Regierung richtet Internierungslager ein Eine Million Flüchtlinge überfordern Griechenland

Stand: 30.04.2012 21:49 Uhr

Griechenland ist mit seinem Flüchtlingsproblem überfordert. Das Land hat elf Millionen Einwohner, zusätzlich leben eine Million Flüchtlinge in dem Land. Kurz vor der Wahl zeigt die Regierung Härte: sie will bis zu 50 Internierungslager einrichten, in denen die Immigranten untergebracht werden sollen.
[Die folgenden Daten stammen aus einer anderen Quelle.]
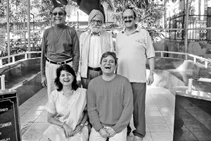 Слева направо члены первого клуба смеха в 1995 г.: (стоят) Мадан Мохан Пушкарна, Мохан Сингх, Раджендра Тандон; (сидят) Мадхури и д-р Мадан Катария

Von Thomas Bormann, ARD-Hörfunkstudio Istanbul, z.Zt Athen

"Wir wollen die Fremden hier nicht haben", schimpfen Bürger aus Amygdaleza im Nordwesten Athens. An der Polizeiabsperrung haben sie sich versammelt und protestieren gegen das Internierungslager für illegale Migranten in Sichtweite ihrer Häuser. Sie haben Angst, dass mit den Flüchtlingen auch die Kriminalität nach Amygdaleza kommt.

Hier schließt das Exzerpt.